SOURCE DATA section start

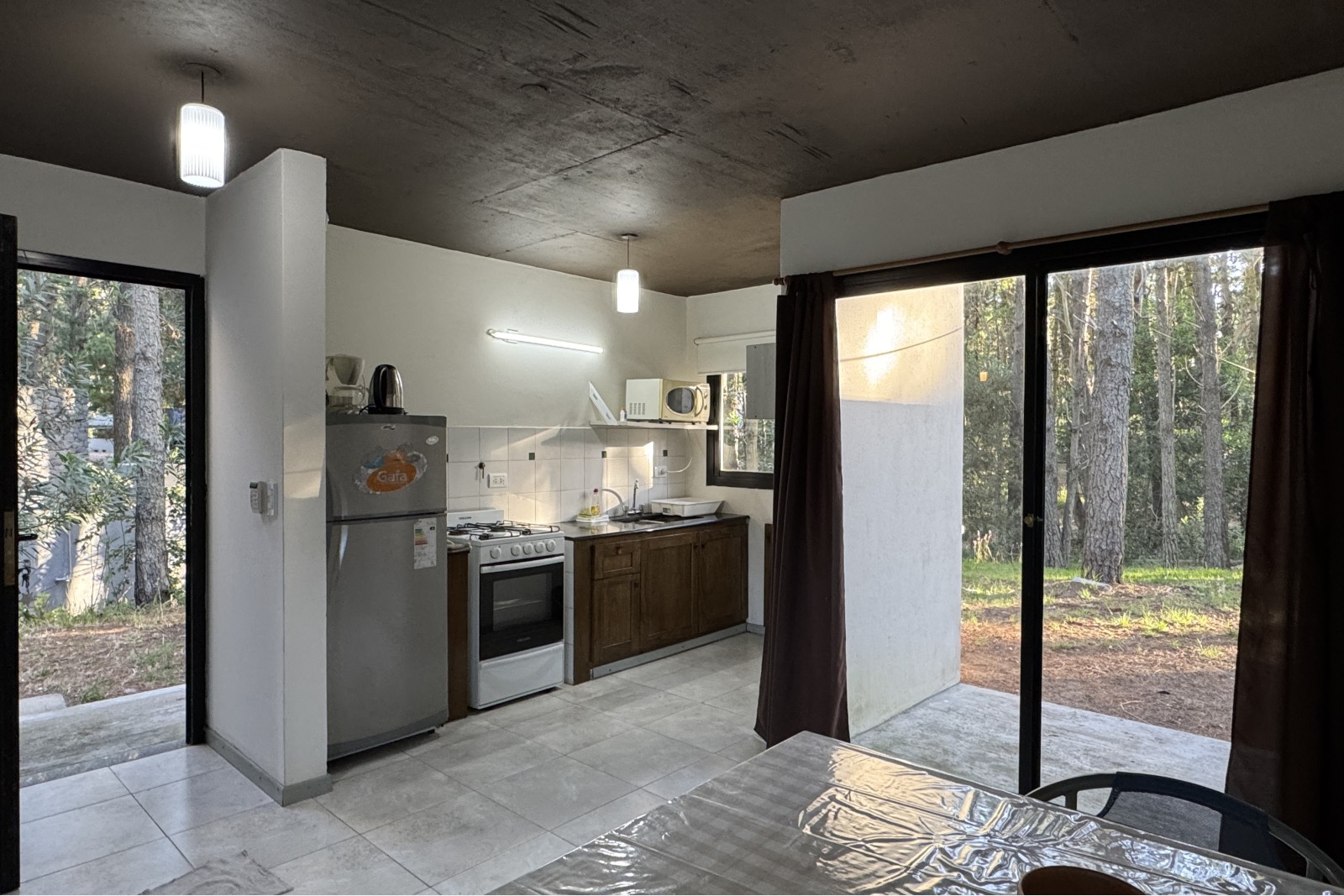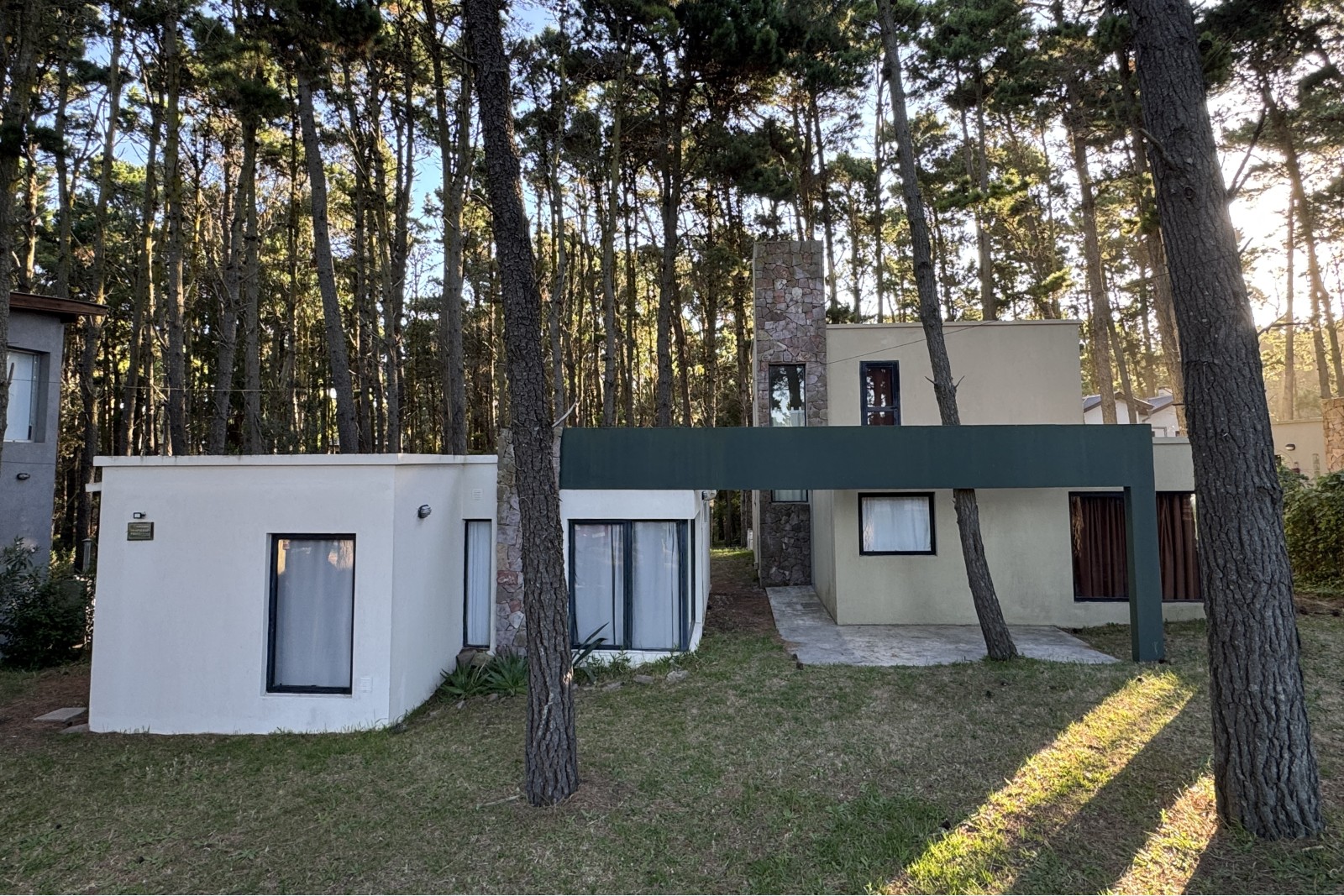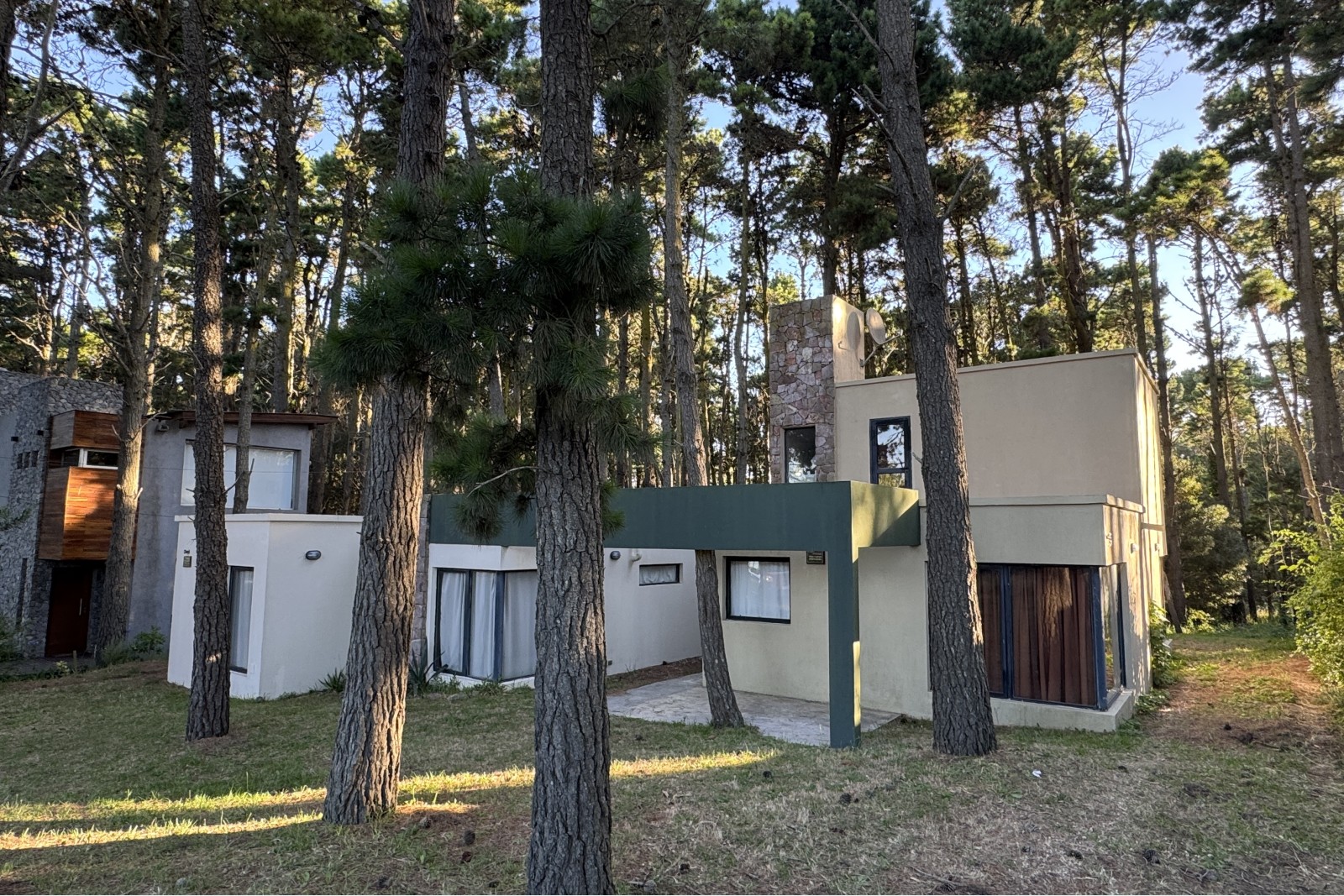 Se trata de dos unidades, una de tres y otra de dos ambientes, emplazadas sobre un terreno de 20 metros de frente en un entorno de forestación en pinos.
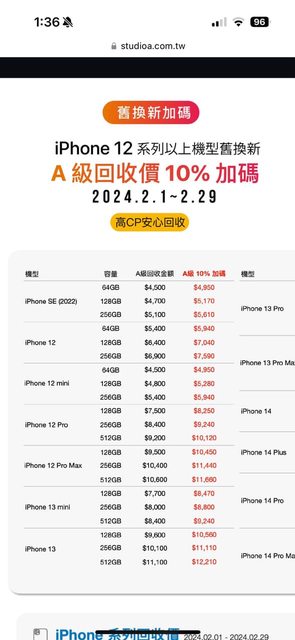 這是studio A 舊換新估價表
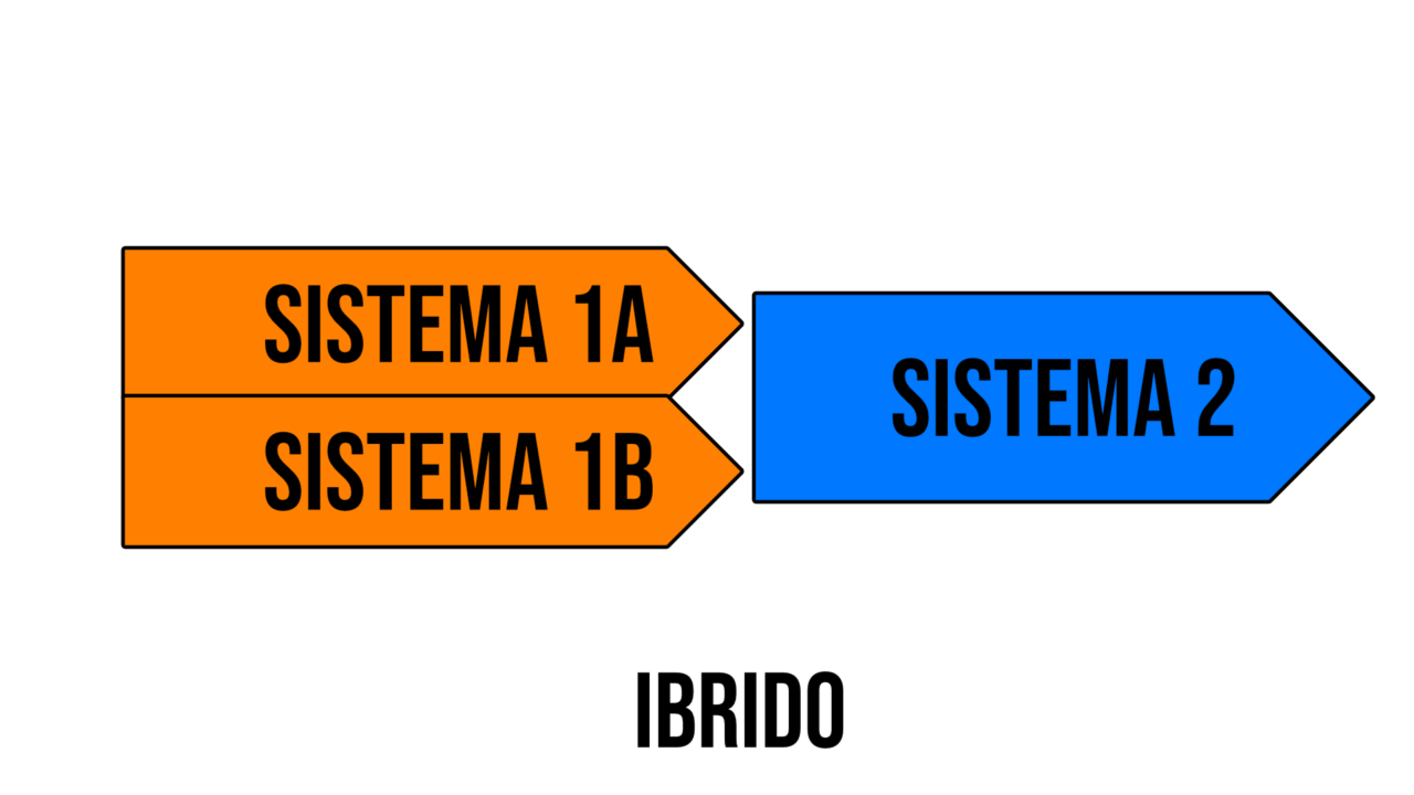 Nel modello ibrido, il sistema 2 si attiva dopo il sistema 1 come in quello in serie. Il sistema 1 però è più complesso di quello classico, ed è ora composto da due sottosistemi: quello di tipo A, più euristico, “di pancia”; quello di tipo B, più logico. Esistono infatti delle forme di ragionamento logico intuitive, a cui possiamo accedere velocemente e intuitivamente.
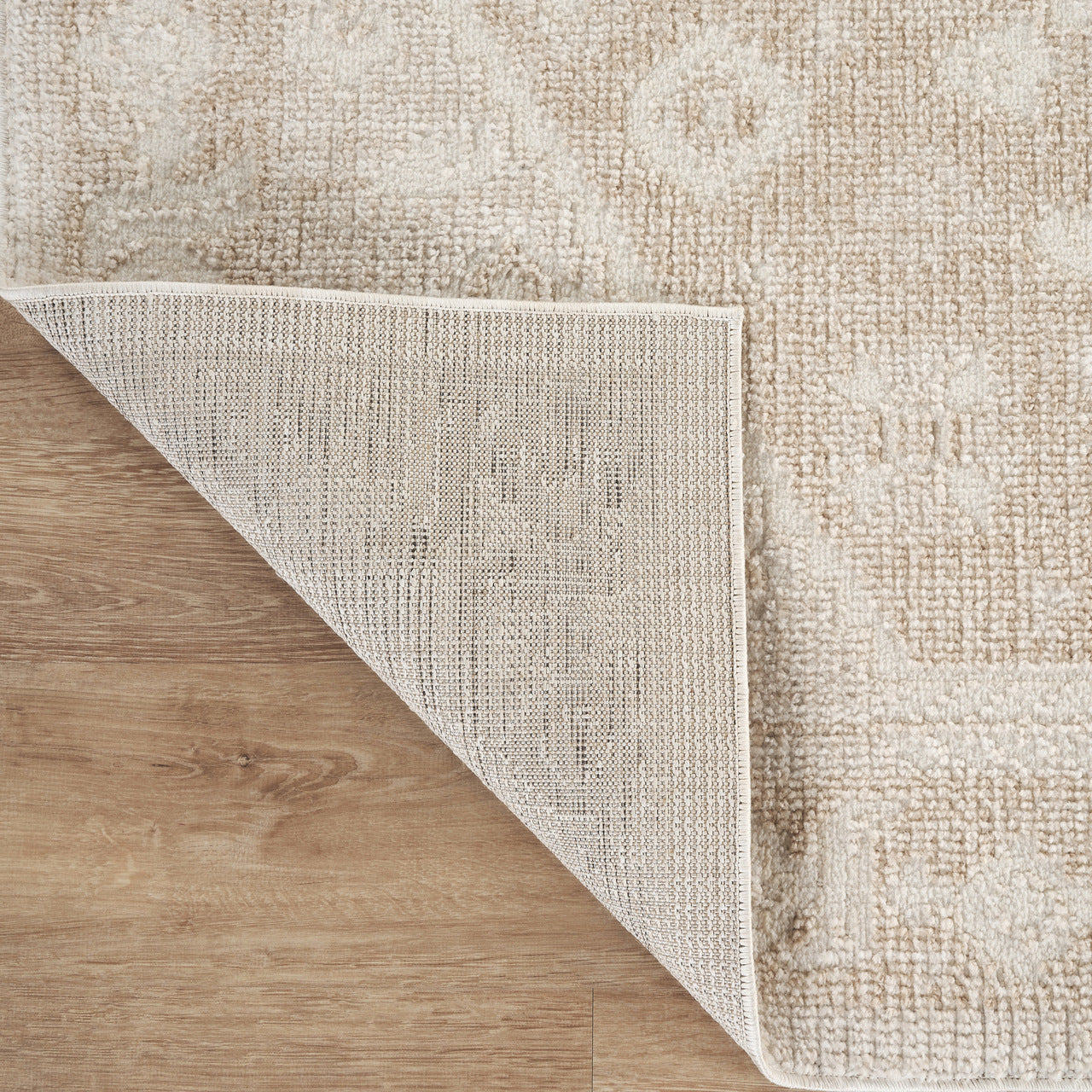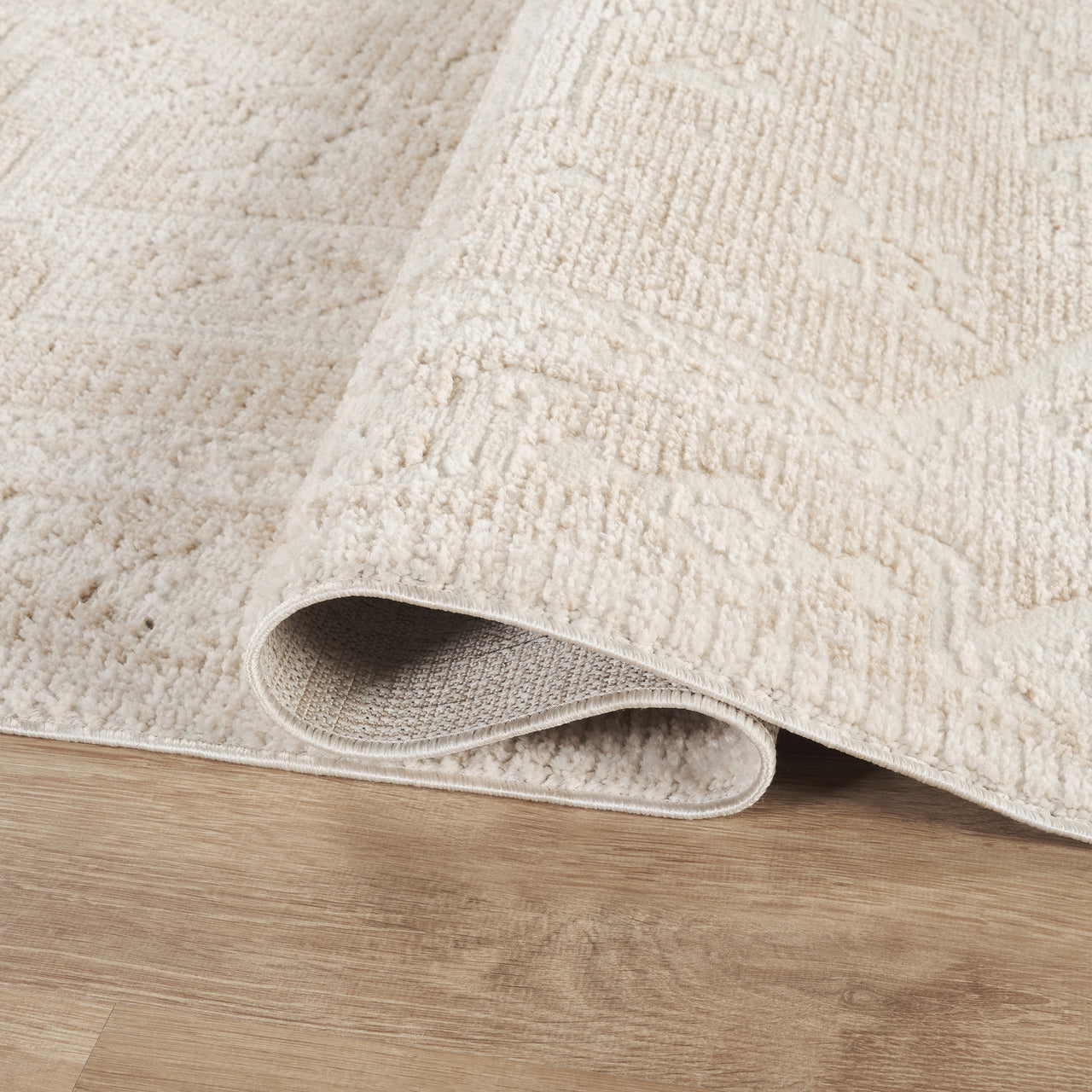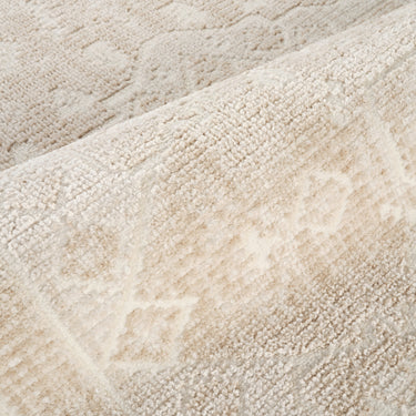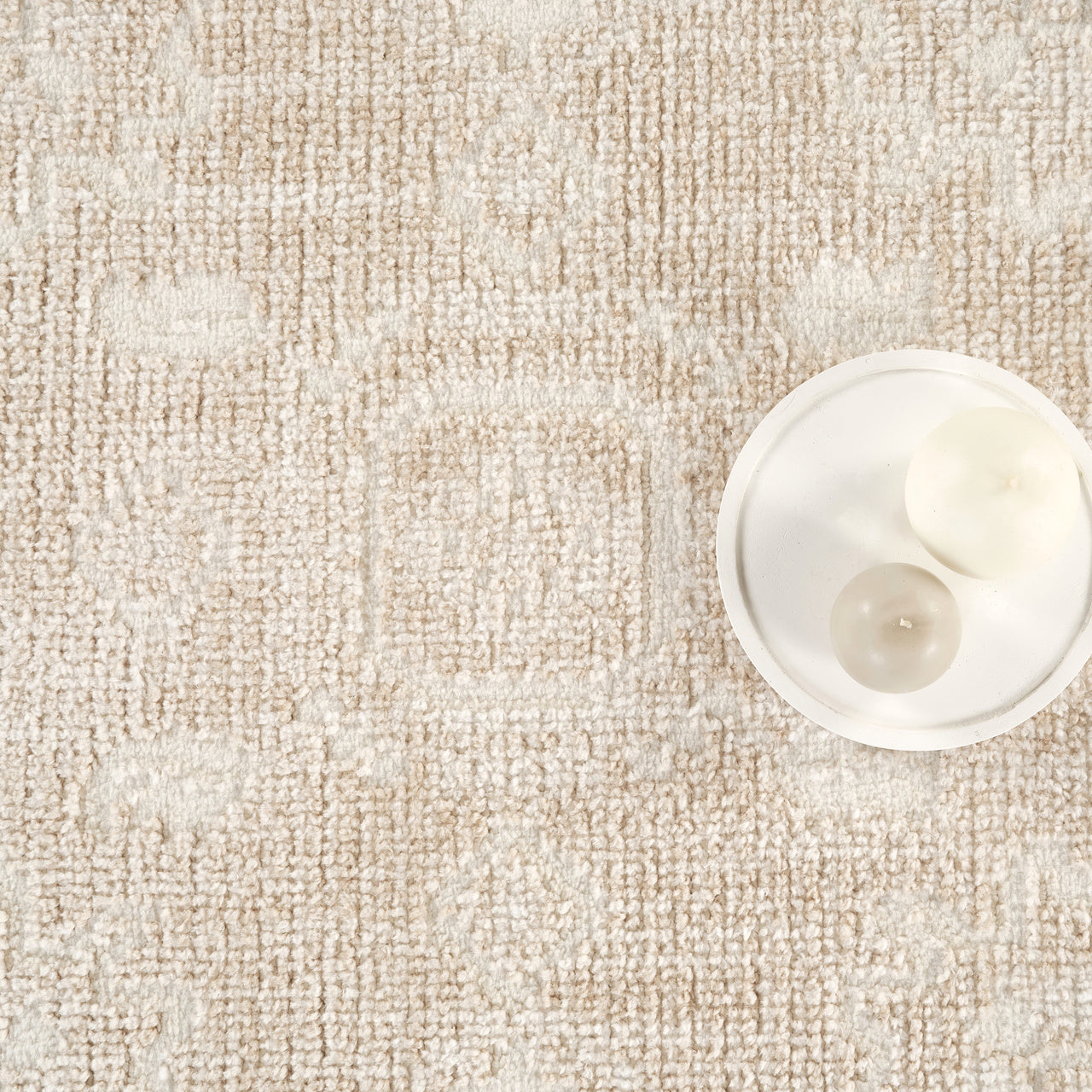 Understated yet elegant, this area rug features a gently faded medallion pattern in soft beige and ivory tones. The tonal design adds subtle texture and depth, creating a versatile foundation that complements both classic and contemporary spaces. Ideal for living rooms, bedrooms, or dining areas, it brings a touch of timeless sophistication with a modern, minimalist edge.

SOURCE DATA section end

### ASSIGNMENT
From the line containing "Nel modello ibrido, il" through the last line of the data above, write out every line word for word, and nothing else. Do not include the pictures.

### RESPONSE TO THE TASK
 Nel modello ibrido, il sistema 2 si attiva dopo il sistema 1 come in quello in serie. Il sistema 1 però è più complesso di quello classico, ed è ora composto da due sottosistemi: quello di tipo A, più euristico, “di pancia”; quello di tipo B, più logico. Esistono infatti delle forme di ragionamento logico intuitive, a cui possiamo accedere velocemente e intuitivamente.
 Understated yet elegant, this area rug features a gently faded medallion pattern in soft beige and ivory tones. The tonal design adds subtle texture and depth, creating a versatile foundation that complements both classic and contemporary spaces. Ideal for living rooms, bedrooms, or dining areas, it brings a touch of timeless sophistication with a modern, minimalist edge.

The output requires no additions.